Climate data for Hun (1991–2020)
| Month | Jan | Feb | Mar | Apr | May | Jun | Jul | Aug | Sep | Oct | Nov | Dec | Year |
| Record high °C (°F) | 31.5 (88.7) | 38.3 (100.9) | 39.2 (102.6) | 45.5 (113.9) | 47.2 (117.0) | 48.0 (118.4) | 47.2 (117.0) | 46.5 (115.7) | 46.0 (114.8) | 42.9 (109.2) | 38.5 (101.3) | 34.2 (93.6) | 48.0 (118.4) |
| Mean daily maximum °C (°F) | 19.2 (66.6) | 21.1 (70.0) | 25.7 (78.3) | 30.6 (87.1) | 34.4 (93.9) | 37.2 (99.0) | 38.1 (100.6) | 37.7 (99.9) | 36.5 (97.7) | 31.9 (89.4) | 25.6 (78.1) | 20.4 (68.7) | 29.9 (85.8) |
| Daily mean °C (°F) | 12.2 (54.0) | 13.7 (56.7) | 17.8 (64.0) | 22.2 (72.0) | 26.2 (79.2) | 29.0 (84.2) | 30.0 (86.0) | 30.0 (86.0) | 28.5 (83.3) | 24.5 (76.1) | 18.2 (64.8) | 13.3 (55.9) | 22.1 (71.8) |
| Mean daily minimum °C (°F) | 5.3 (41.5) | 6.3 (43.3) | 9.9 (49.8) | 13.9 (57.0) | 18.0 (64.4) | 20.9 (69.6) | 21.9 (71.4) | 22.3 (72.1) | 21.3 (70.3) | 17.1 (62.8) | 10.7 (51.3) | 6.3 (43.3) | 14.5 (58.1) |
| Record low °C (°F) | −4.4 (24.1) | −3.0 (26.6) | −0.2 (31.6) | 0.0 (32.0) | 5.2 (41.4) | 10.9 (51.6) | 13.0 (55.4) | 16.2 (61.2) | 13.5 (56.3) | 5.8 (42.4) | −1.0 (30.2) | −3.1 (26.4) | −4.4 (24.1) |
| Average precipitation mm (inches) | 5.6 (0.22) | 3.6 (0.14) | 3.0 (0.12) | 3.5 (0.14) | 1.3 (0.05) | 1.1 (0.04) | 0.0 (0.0) | 0.2 (0.01) | 1.8 (0.07) | 1.5 (0.06) | 1.3 (0.05) | 1.9 (0.07) | 24.7 (0.97) |
| Average precipitation days | 0.9 | 0.9 | 0.7 | 0.3 | 0.4 | 0.2 | 0.0 | 0.1 | 0.3 | 0.4 | 0.3 | 0.5 | 5.0 |
Source: NOAA

==Economy and culture==
There are public buses to the cities of Sirte and Sabha.

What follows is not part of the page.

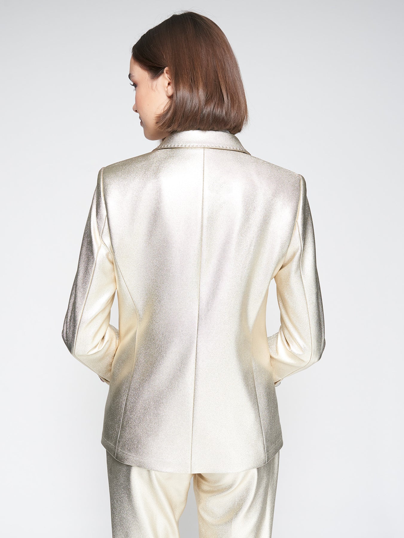 Gold blazer with shiny finish and straight silhouette. Features a classic notched lapel collar and one-button front closure. Two welt pockets on the front. The inner lining is printed. The sleeve cuffs are detailed with decorative bee buttons.

There is also a military airport located between Hun and Waddan, Al Jufra Airbase. Hun is 240 km south of Sirte, 370 km from Misrata and 272 km north of Sabha. The "International Autumn Tourism Festival", is an annual festival usually held at the end of September. It is organized for four days every year from 1996. It is aimed at promoting tourism and culture and organizes concerts and exhibitions.